(Records drawn from a dataset)
>>>
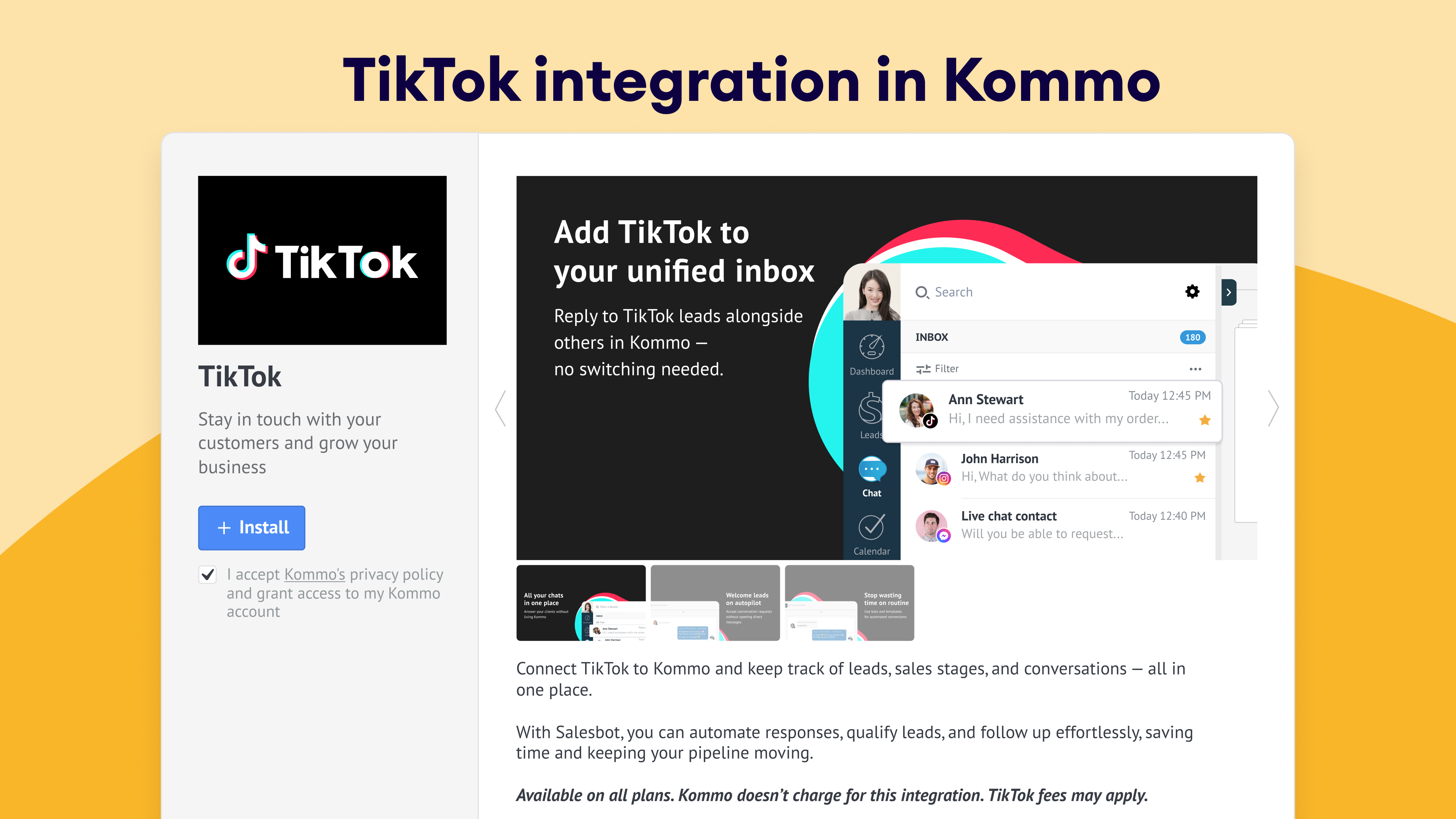 Auto-generate leads: When someone messages your TikTok account, they’re added as a lead in Kommo, no manual input needed.
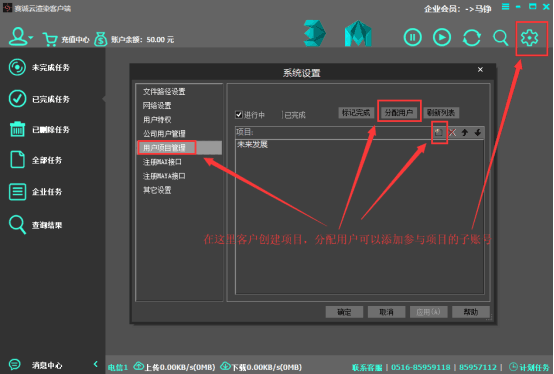注釋:項目名稱可在下圖位置中進行設置,一個項目可以包涵多個鏡頭,并且可以分配給不同的用戶,方便項目統(tǒng)一管理。
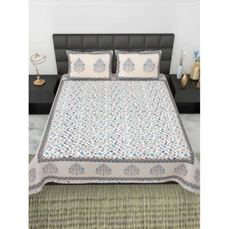 BELLA CASA Ethnic Collection Blue & Pink Cotton 180 TC King Bedsheet with 2 Pillow Covers
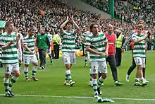 Le premier jeu de maillots du Celtic Football Club est blanc à col vert[5], avec en guise d'écusson une croix celtique de couleur rouge[gm 15] ; le short est noir et les chaussettes vertes. Le passage aux rayures vertes, couleur symbolique de l'Irlande, et blanches se fait début 1889[gm 15]. D'abord verticales, les rayures deviennent horizontales à l'été 1903[5]. Les grands succès connus par le club les années suivantes favorisent l’adoption définitive de ce maillot par le club et ses supporters[gm 15]. D'abord noirs, le short et les bas passent progressivement au blanc et au vert[76]. Au milieu des années 1990, le dessin des rayures est un temps modifié (avec une alternance de fines et de larges rayures vertes), mais cette excentricité ne dure pas.
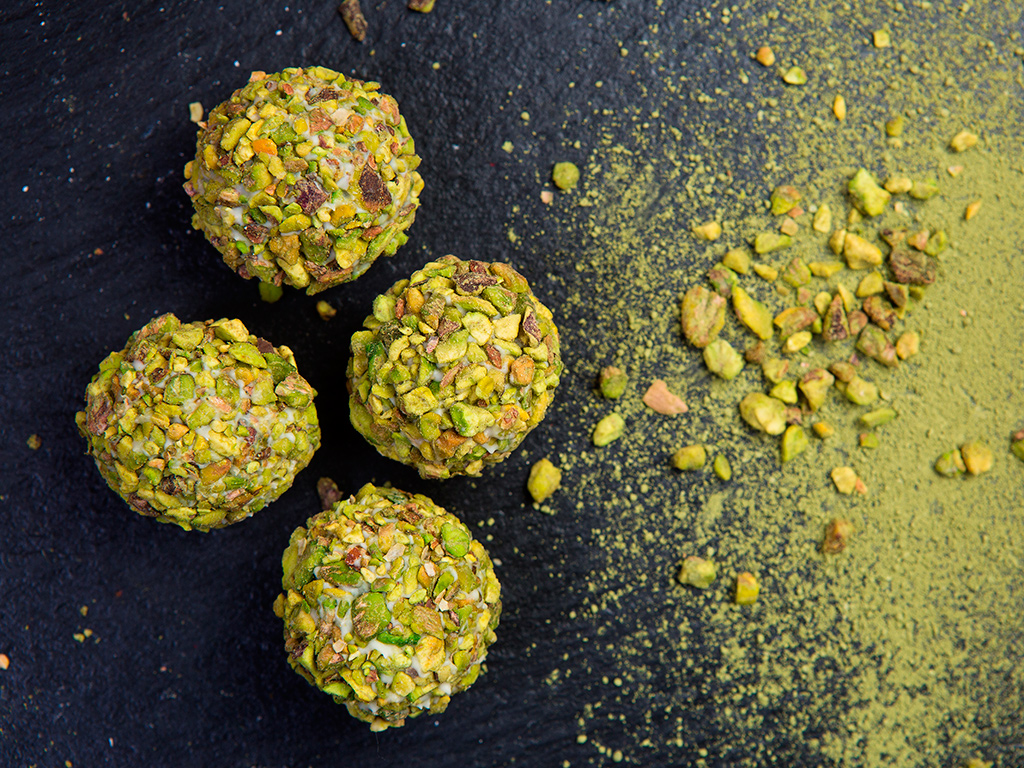 3) Con la ayuda de dos cucharas o con la mano formamos bolas y las pasamos por el pistacho triturado. Las reservamos en la nevera hasta el momento se servir.
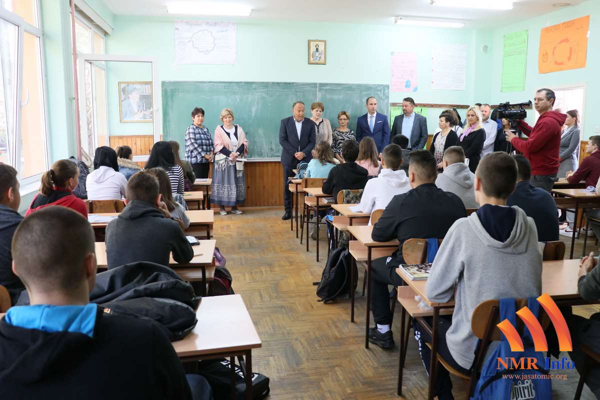 Ministra prosvete, nauke i tehnološkog razvoja Republike Srbije Mladena Šarčevića i njegove saradnike dočekali su Predrag Rađenović sa svojim saradnicima, Zorica Novaković direktorica, prosvetni radnici i učenici srednje škole „Vuk Karadžić“.
<<<
#### [Directions]
Give the data above again, exactly and completely. No pictures go in.

#### [Written response]
 Auto-generate leads: When someone messages your TikTok account, they’re added as a lead in Kommo, no manual input needed.
注釋:項目名稱可在下圖位置中進行設置,一個項目可以包涵多個鏡頭,并且可以分配給不同的用戶,方便項目統(tǒng)一管理。
 BELLA CASA Ethnic Collection Blue & Pink Cotton 180 TC King Bedsheet with 2 Pillow Covers
 Le premier jeu de maillots du Celtic Football Club est blanc à col vert[5], avec en guise d'écusson une croix celtique de couleur rouge[gm 15] ; le short est noir et les chaussettes vertes. Le passage aux rayures vertes, couleur symbolique de l'Irlande, et blanches se fait début 1889[gm 15]. D'abord verticales, les rayures deviennent horizontales à l'été 1903[5]. Les grands succès connus par le club les années suivantes favorisent l’adoption définitive de ce maillot par le club et ses supporters[gm 15]. D'abord noirs, le short et les bas passent progressivement au blanc et au vert[76]. Au milieu des années 1990, le dessin des rayures est un temps modifié (avec une alternance de fines et de larges rayures vertes), mais cette excentricité ne dure pas.
 3) Con la ayuda de dos cucharas o con la mano formamos bolas y las pasamos por el pistacho triturado. Las reservamos en la nevera hasta el momento se servir.
 Ministra prosvete, nauke i tehnološkog razvoja Republike Srbije Mladena Šarčevića i njegove saradnike dočekali su Predrag Rađenović sa svojim saradnicima, Zorica Novaković direktorica, prosvetni radnici i učenici srednje škole „Vuk Karadžić“.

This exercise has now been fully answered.